The competitors waved goodbye to Peru and crossed the border into Bolivia during the stage this Thursday. They were met with changes in temperature and dune conditions due to the rain and altitude. Participants competing in cars covered a total of 760 kilometres (313 km special), leaving the Peruvian city of Arequipa in the early hours of the morning and arriving to capital of Bolivia, La Paz, after nightfall.
"We have seen some really stark contrasts. In just two days we've gone from driving along the coast to the dunes, and then into snow-capped mountains at an altitude of 4000 metres. But despite all this, the hardest part was the fast road section at the end, which was muddy and rainy. We kept up a good pace and didn't make any mistakes or run into problems", explained a satisfied Isidre Esteve after crossing the finish line in 35th place with a time of 3:47:41.

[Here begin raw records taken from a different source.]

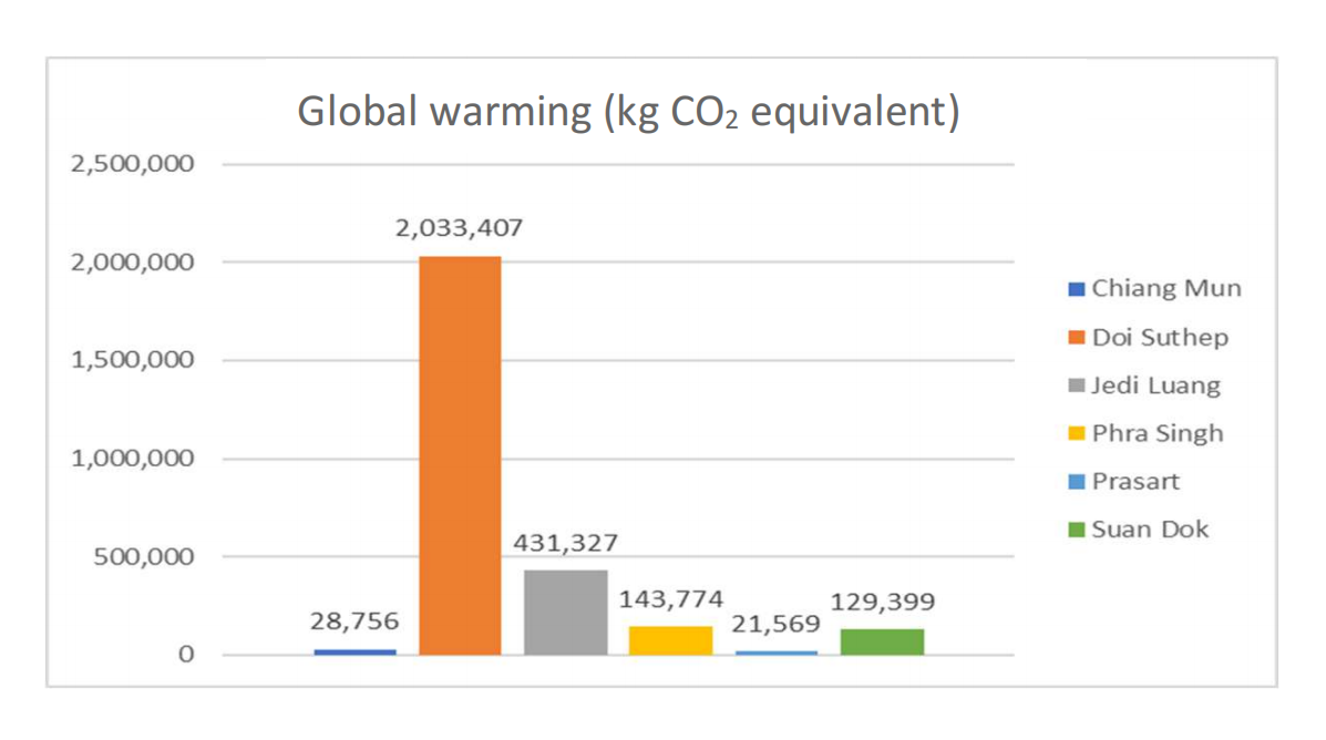 Figure 11. Global warming impact from six tourist destinations in Chiang Mai.
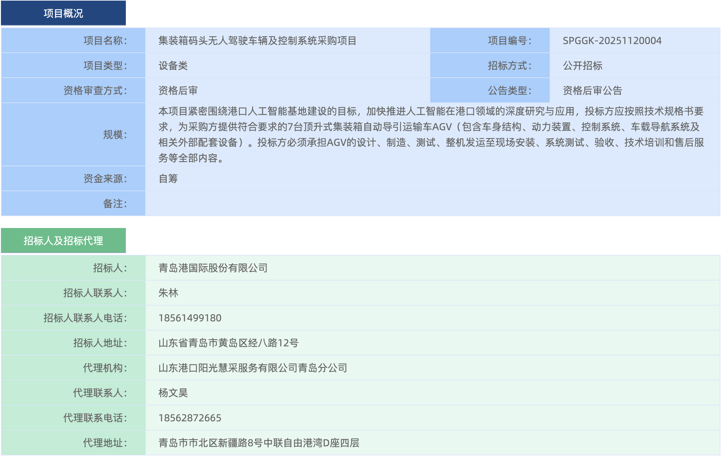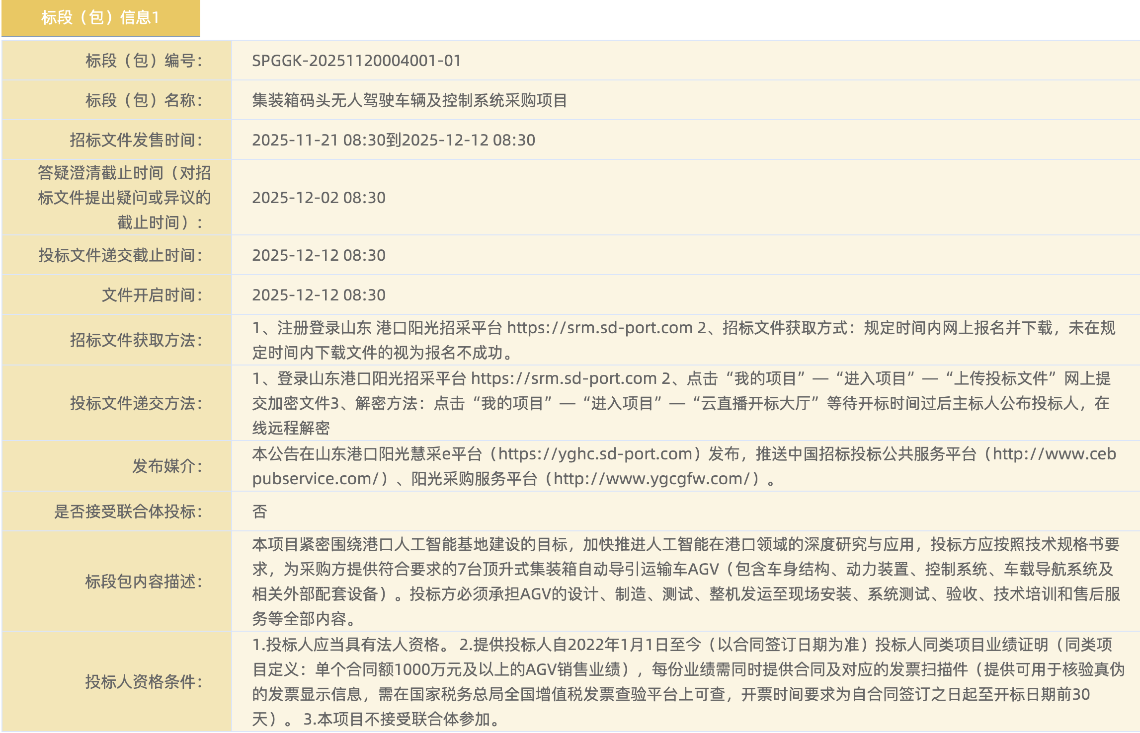 集装箱码头无人驾驶车辆及控制系统采购项目
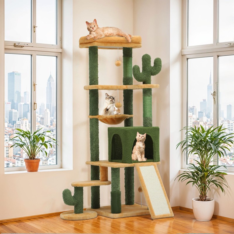 Homnia 60" Cat Tree Tower Condo Cozy Green Kitty House 20 lbs Cats with Scratching Post
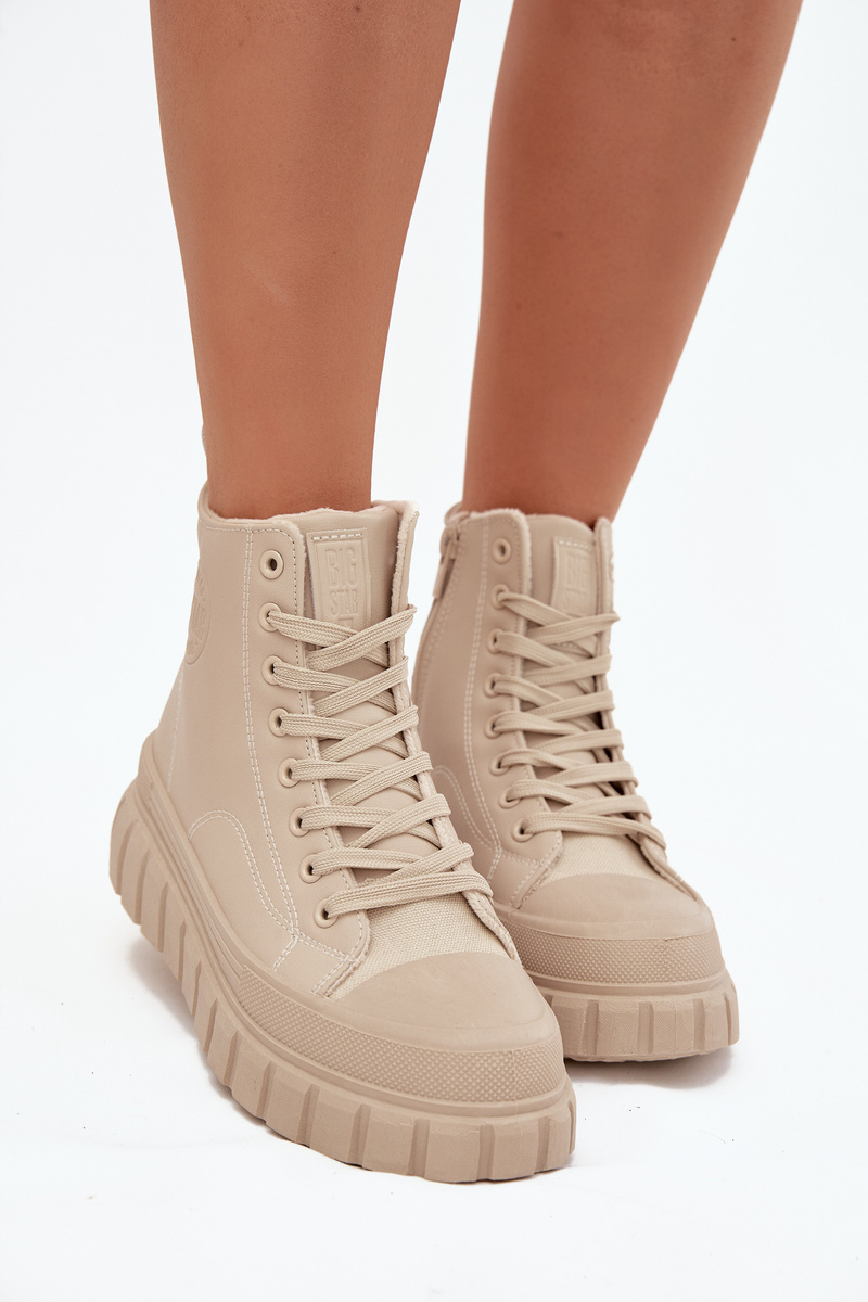 Zateplené dámske tenisky na platforme z ekokože Big Star SS274535 béžové
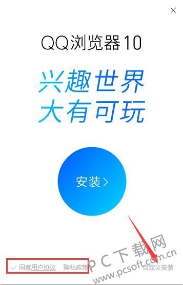 1、在本站下载qq浏览器安装包。双击运行它,就会打开如下界面,勾选用户协议。你可以直接点击安装,这样QQ浏览器会以程序默认设置方式快速安装在你的电脑上,这里小编提醒大家默认是安装在C盘目录下的,不想占用系统盘资源的小伙伴可看下一步,选择自定义安装。
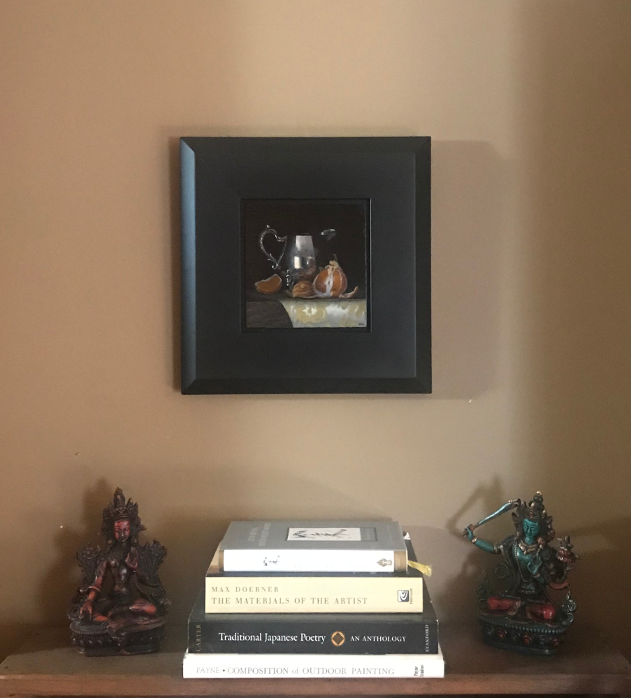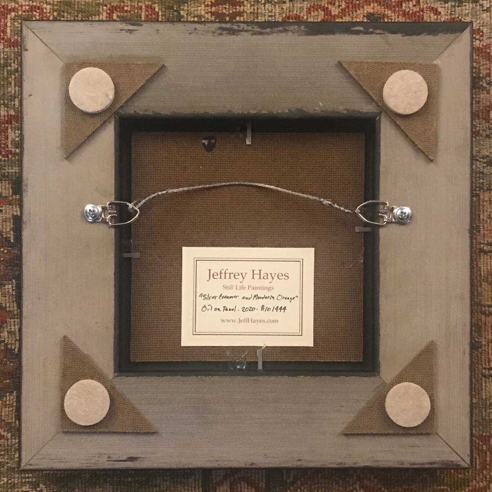 “Silver Creamer and Mandarin Orange” measures 5 x 5 inches (12 x 12 cm), and is presented in a flat panel black frame with a beveled edge. The outer dimensions of the frame are 11 x 11 inches (28 x 28 cm). Felt pads are affixed to each corner of the back of the frame to prevent any damage to your wall and to ensure that the painting rests perfectly parallel to the wall.
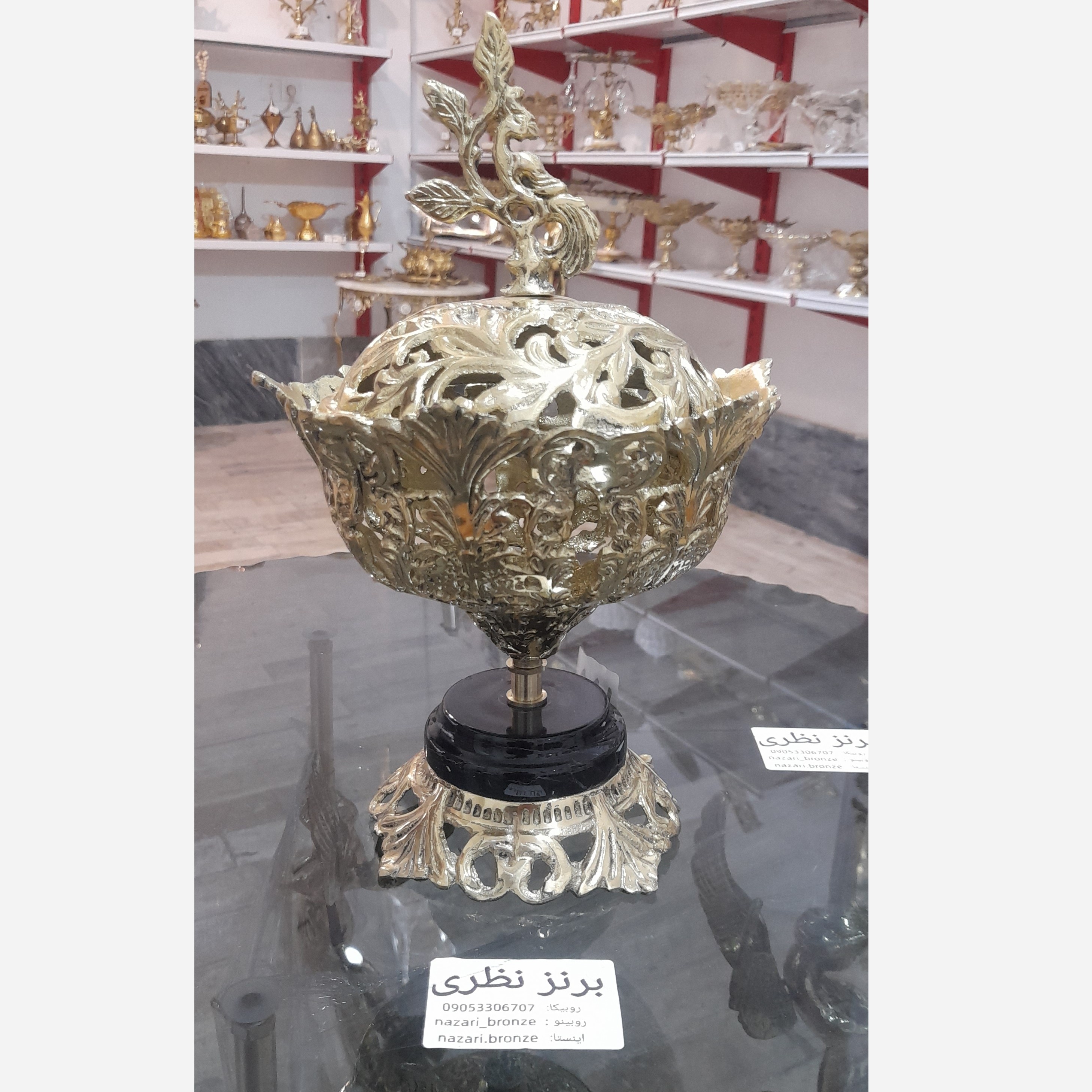 شکلاتخوری برنجی پایه سنگ طبیعی دربدار ارتفاع 30 سانت ضمانت اصالت برنج
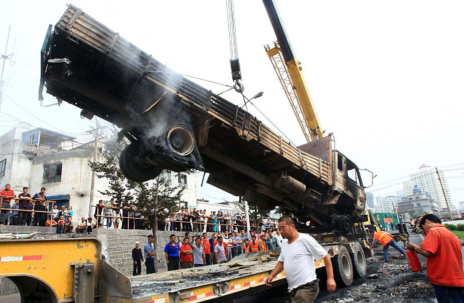 7月6日,烏魯木齊市的工作人員在清理被犯罪分子焚燒的汽車。在5日晚發(fā)生的嚴(yán)重暴力犯罪事件中,已造成140人死亡,800多人受傷;被毀車輛達(dá)260部;受損門面房203間,民房14間,總過火面積達(dá)到56850平方米,全市共有220多處縱火點(diǎn),有兩棟樓房被燒毀。中新社發(fā) 劉新 攝
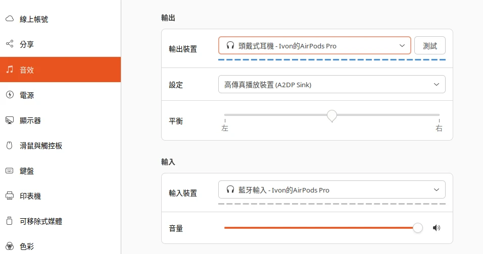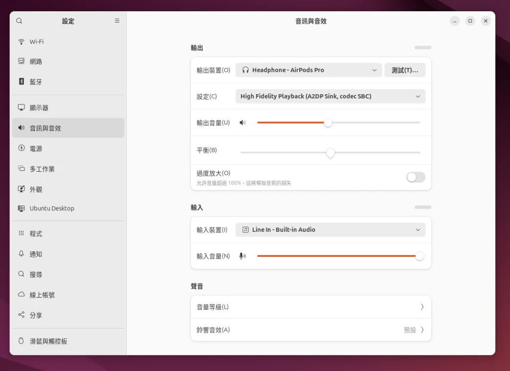 要使用AirPods麥克風,請在Ubuntu系統設定 → 音訊,將輸入裝置切換到「Handsfree (HSP/HFP)」模式。
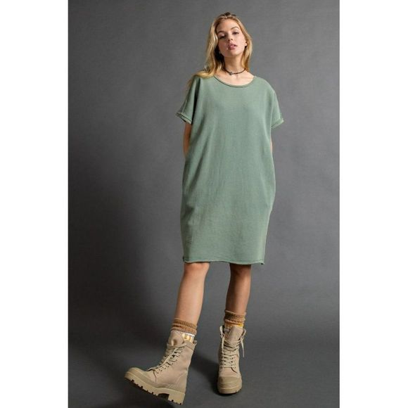 Easel Oversized Mineral Washed Terry Boxy Dress in Juniper Green New
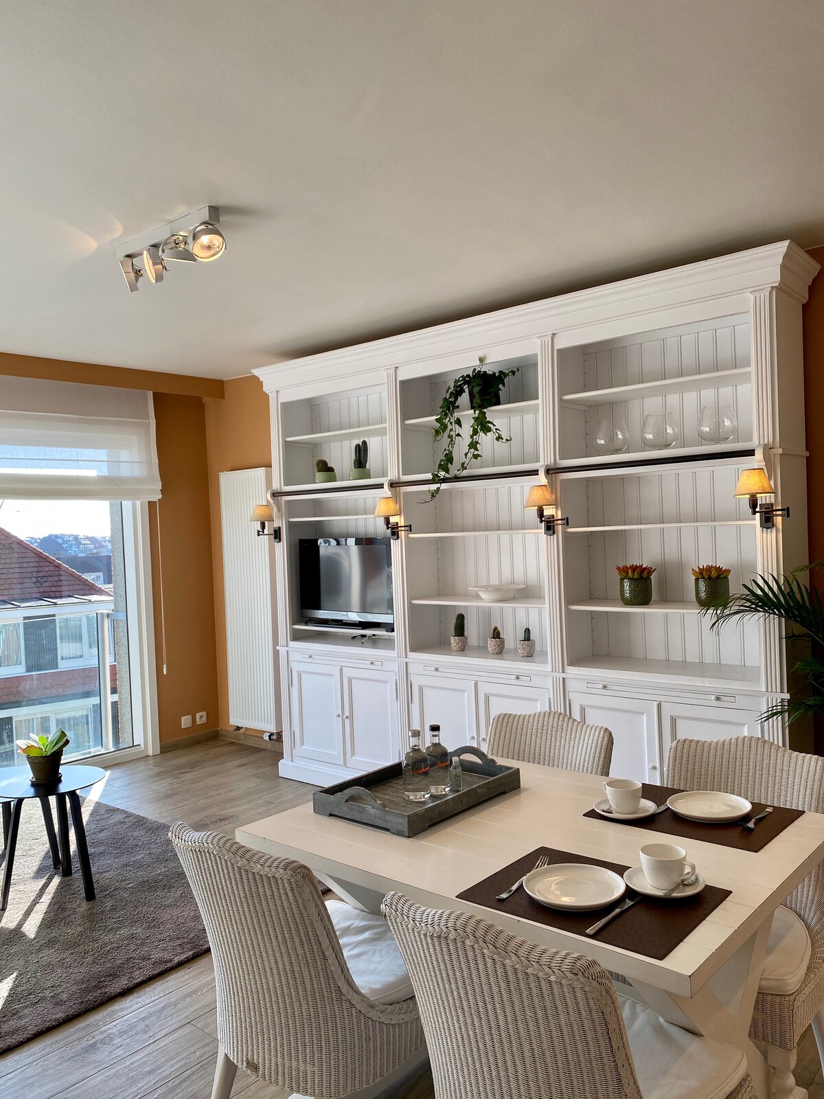 Departamento luminoso con vistas panorámicas al mar y a las dunas. El comedor se puede transformar en una terraza cubierta donde puedes disfrutar de la puesta de sol. El departamento cuenta con una cocina abierta y totalmente equipada con lavavajillas. -2 dormitorios con camas tamaño queen - baño con bañera e inodoro + ducha con lavabo + inodoro en el pasillo Coage: altura máxima 1,85m Entre O'Neill Beachclub y Pier (parte tranquila del malecón) Tranvía costero a la aplicación. Brujas a 15 minutos en tren/coche.

The driver, who is sponsored by Repsol and Onyx Seguros, said he was "very happy with the first week. It's been difficult but really great. The outlook is positive despite the difficulties we've experienced along the route, which hasn't been kind to us. But most importantly we haven't made any mistakes in our driving, my co-driver — Txema Villalobos — has done an amazing job with the navigation, and the car has performed really well on the dunes".
Tomorrow (Friday), Isidre and Txema will enjoy a well-deserved rest day, while the Repsol Rally Team roll up their sleeves to perform a thorough check of the prototype and get it ready for the second week of the race through Bolivia and Argentina.
The Oliana-born driver is looking forward to the difficult challenge that lies ahead, but he is also realistic. "The coming stages will be very complex, both the marathon just after the rest and the other stages in Argentina, where navigation will be key. I'm confident that our experience will be of great help. I think that, from this point onwards, the route will be easier for us, but we're aware we're up against some tough competition. We need to be better than them to bag a spot in the top 20, but that doesn't necessarily mean we need to go faster", he said.